WHAT YOU ARE ASKED TO DO:
Output the entries exactly. Start at the first line, finish with the line containing "Have some fun", and omit the pictures.

SUPPLIED ENTRIES:
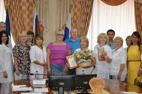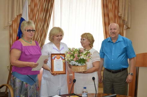 В заключение совещания состоялось поздравление с 55-летним юбилеем работника отдела лабораторных животных Кукуевой С.И. Руководство и представители коллектива тепло поздравили её с этой знаменательной датой. Светлане Ивановне была вручена Почетная грамота за многолетний добросовестный труд и цветы.
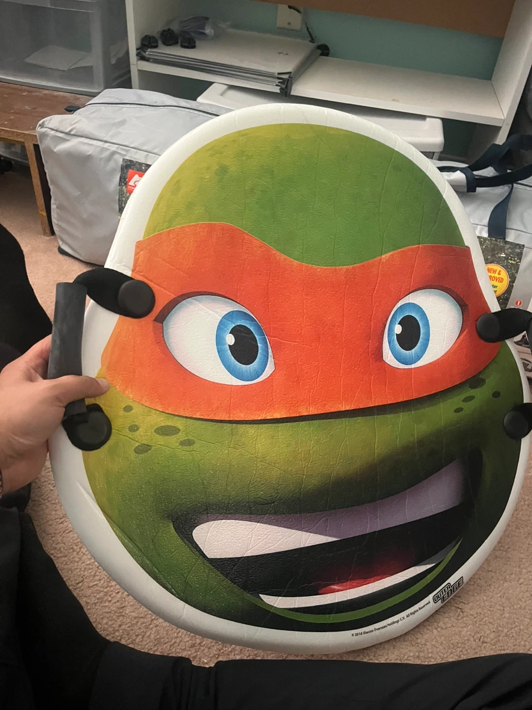 Have some fun in the snow with this cool turtle snow sled! It features a Teenage Mutant Ninja Turtle design, making it a hit with kids. Perfect for winter adventures and snowy days
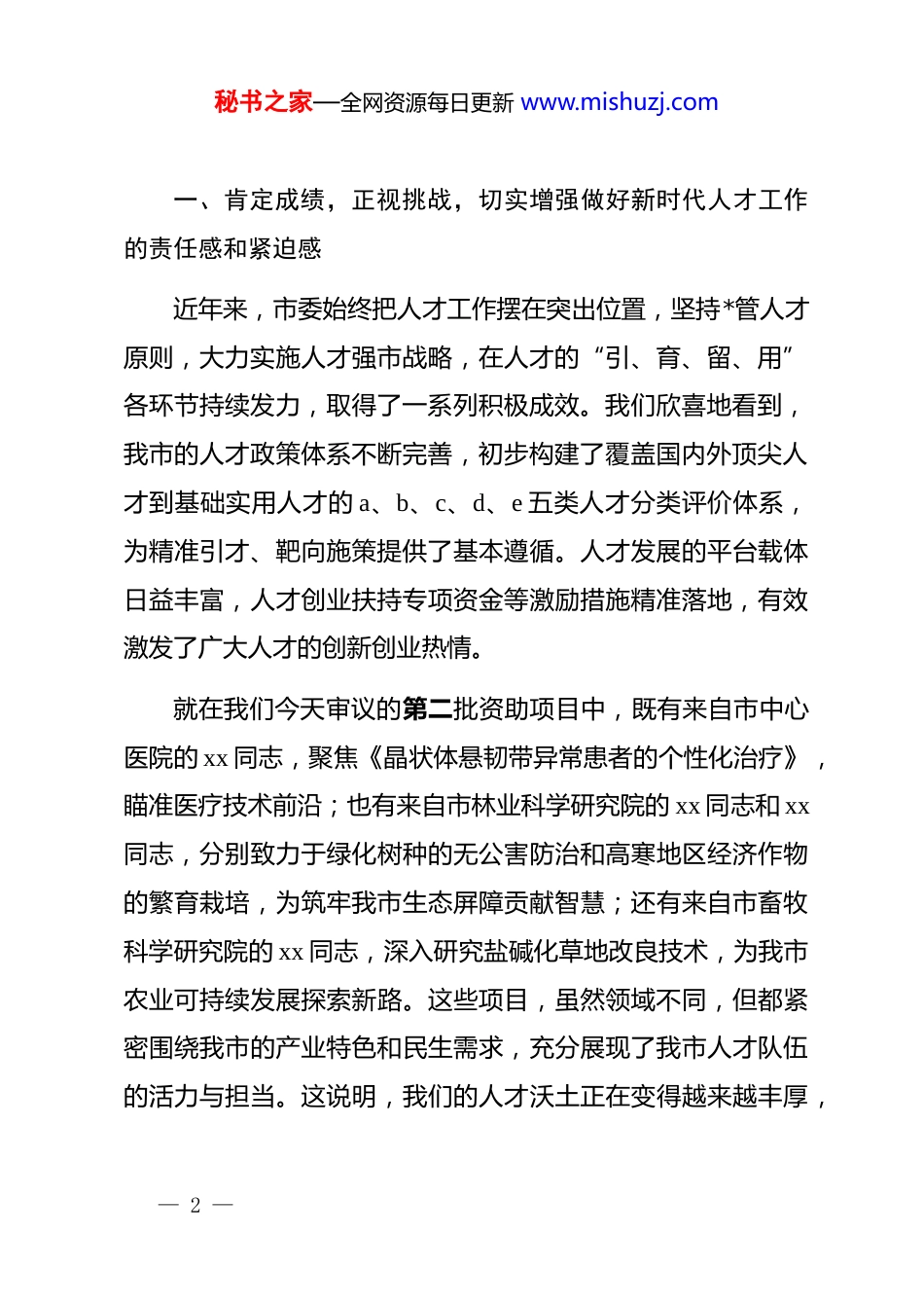 秘书之家—全网资源每日更新 www.mishuzj.com在 2025 年市委人才工作领导小组会议上的讲话同志们:今天,我们召开市委人才工作领导小组会议,主要任务是深入分析当前我市人才工作面临的新形势新任务,审议有关文件,研究部署下一阶段的重点工作。刚才,我们共同审议了今年的工作要点、教育科技人才产业一体化发展协作机制以及第二批人才创业扶持专项资金资助项目,这几项工作都很有针对性,也很有分量,标志着我市的人才工作正在向更深层次、更广领域、更高水平迈进。人才是第一资源,是城市发展的核心竞争力。当前,我们正处在纵深实施“一三三四”高质量发展战略、奋力实现全面振兴新突破的关键时期。越是任务艰巨、挑战严峻,我们就越要牢固树立“抓人才就是抓发展,谋人才就是谋未来”的理念,以识才的慧眼、爱才的诚意、用才的胆识、容才的雅量、聚才的良方,把各方面优秀人才集聚到 xx 的振兴发展事业中来。下面,我讲几点意见。— 1 —秘书之家—全网资源每日更新 www.mishuzj.com一、肯定成绩,正视挑战,切实增强做好新时代人才工作的责任感和紧迫感近年来,市委始终把人才工作摆在突出位置,坚持*管人才原则,大力实施人才强市战略,在人才的“引、育、留、用”各环节持续发力,取得了一系列积极成效。我们欣喜地看到,我市的人才政策体系不断完善,初步构建了覆盖国内外顶尖人才到基础实用人才的 a、b、c、d、e 五类人才分类评价体系,为精准引才、靶向施策提供了基本遵循。人才发展的平台载体日益丰富,人才创业扶持专项资金等激励措施精准落地,有效激发了广大人才的创新创业热情。就在我们今天审议的第二批资助项目中,既有来自市中心医院的 xx 同志,聚焦《晶状体悬韧带异常患者的个性化治疗》,瞄准医疗技术前沿;也有来自市林业科学研究院的 xx 同志和 xx同志,分别致力于绿化树种的无公害防治和高寒地区经济作物的繁育栽培,为筑牢我市生态屏障贡献智慧;还有来自市畜牧科学研究院的 xx 同志,深入研究盐碱化草地改良技术,为我市农业可持续发展探索新路。这些项目,虽然领域不同,但都紧密围绕我市的产业特色和民生需求,充分展现了我市人才队伍的活力与担当。这说明,我们的人才沃土正在变得越来越丰厚,— 2 —秘书之家—全网资源每日更新 www.mishuzj.com尊重人才、渴求人才的氛围正在变得越来越浓厚。在肯定成绩的同时,我们更要清醒地看到,对标“一三三四”高质量发展战略的宏伟蓝图,对照兄弟地市“百舸争流、千帆竞发”的引才态势,我市的人才工作仍然面临着不小的挑战。主要体现在:人才总量不足与结构性矛盾并存,特别是在新能源、高端装备制造、农产品精深加工等重点产业集群,领军人才和高技能人才缺口较大;人才发展的体制机制还不够活,破除“四唯”顽疾、为用人单位充分放权赋能的改革举措仍需深化,人才评价、激励、流动机制有待进一步优化;人才生态的“软环境”还有待提升,在提供全周期、精细化、个性化服务方面,我们还有很多工作要做。这些问题,是发展中的问题,也是我们必须下大力气解决的时代课题。全市各级各部门必须提高站位,深化认识,以坐不住的紧迫感、等不起的责任感、慢不得的危机感,把人才工作抓得更紧、更实、更有成效。二、聚焦中心,服务大局,以“一三三四”战略需求为导向汇聚天下英才人才工作的价值,最终要体现在服务经济社会发展上。“一三三四”高质量发展战略是我市当前和今后一个时期发展的总牵引、总抓手。我们所有的人才工作,都必须紧紧围绕这— 3 —秘书之家—全网资源每日更新 www.mishuzj.com个中心,精准对接战略需求,确保“好钢用在刀刃上”,让人才优势转化为产业优势、竞争优势和发展胜势。第一,要紧扣“一个头等大事”集聚农业科技人才。粮食安全是“国之大者”,抓好粮食增产是我市必须扛起的重大政治责任。保障粮食安全,根本在耕地,出路在科技,关键在人才。我们要围绕盐碱地改良治理、高标准农田建设、现代种业振兴、黑土地保护等重点任务,大力引进和培育一批懂农业、爱农村、爱农民的农业科技人才。要支持农业科研院所、农业龙头企业设立首席科学家、首席专家岗位,...
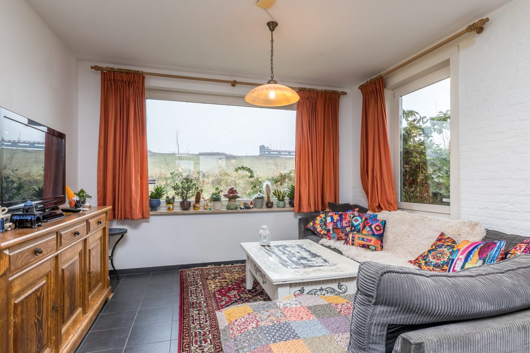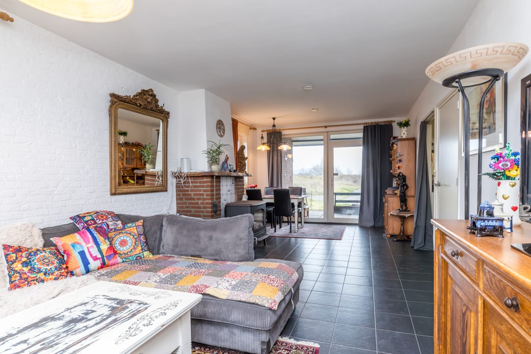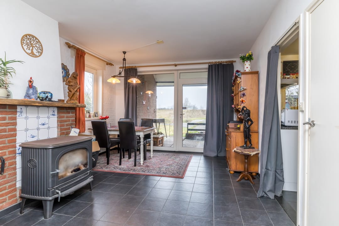 Vanuit de hal kan men de woonkamer met eetkamer bereiken. De woonkamer is voorzien van plavuizen en beschikt over een houtkachel. Vanuit de woon/eetkamer heeft u toegang tot de ruime terrasoverkapping.
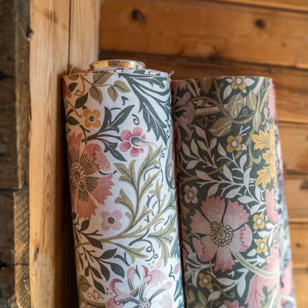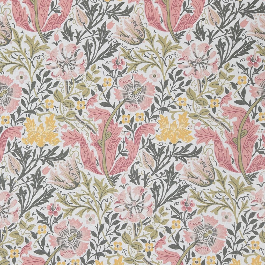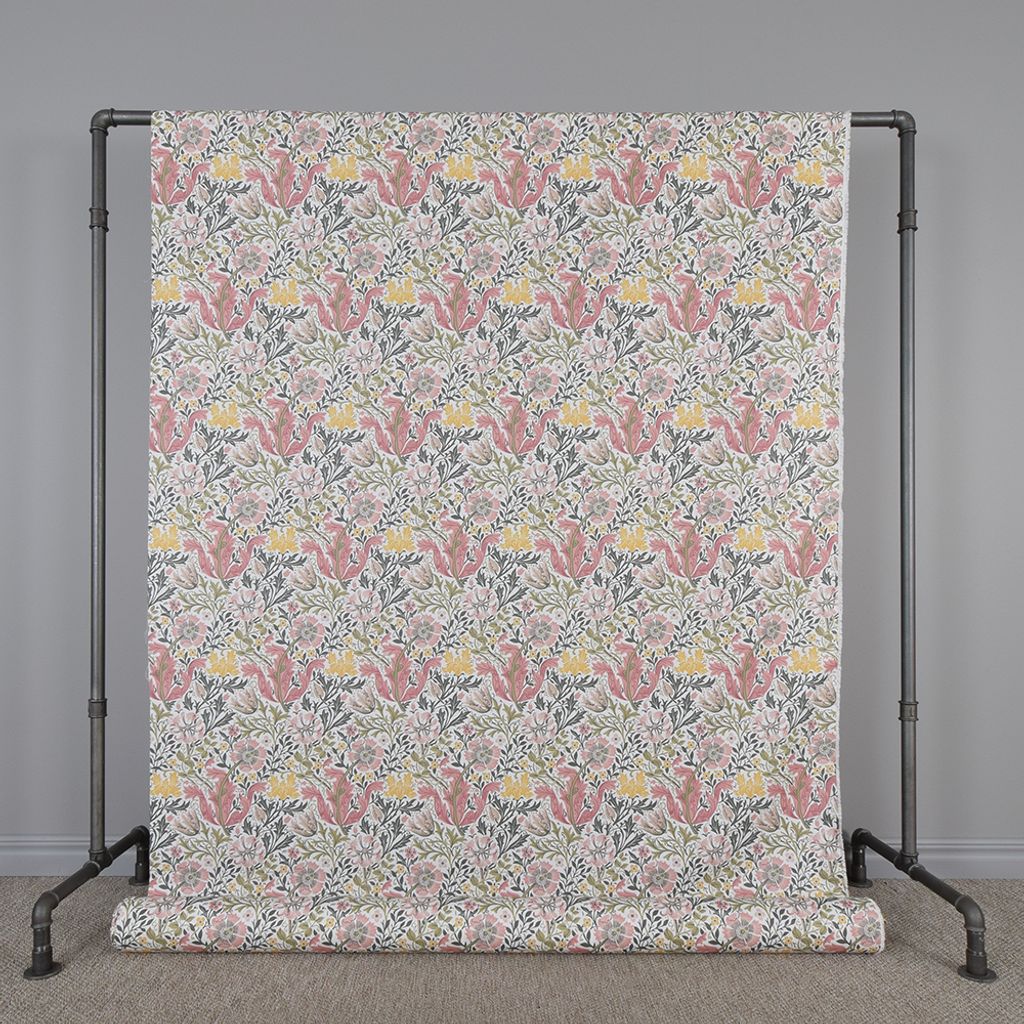 Digitaltryckt tyg i bomull för gardiner, inredning och lättare möbelklädnad. Tyget har vit botten och blommor, blad och snirkligt mönster i rosa, gult och grönt.

ANSWER SECTION:
 В заключение совещания состоялось поздравление с 55-летним юбилеем работника отдела лабораторных животных Кукуевой С.И. Руководство и представители коллектива тепло поздравили её с этой знаменательной датой. Светлане Ивановне была вручена Почетная грамота за многолетний добросовестный труд и цветы.
 Have some fun in the snow with this cool turtle snow sled! It features a Teenage Mutant Ninja Turtle design, making it a hit with kids. Perfect for winter adventures and snowy days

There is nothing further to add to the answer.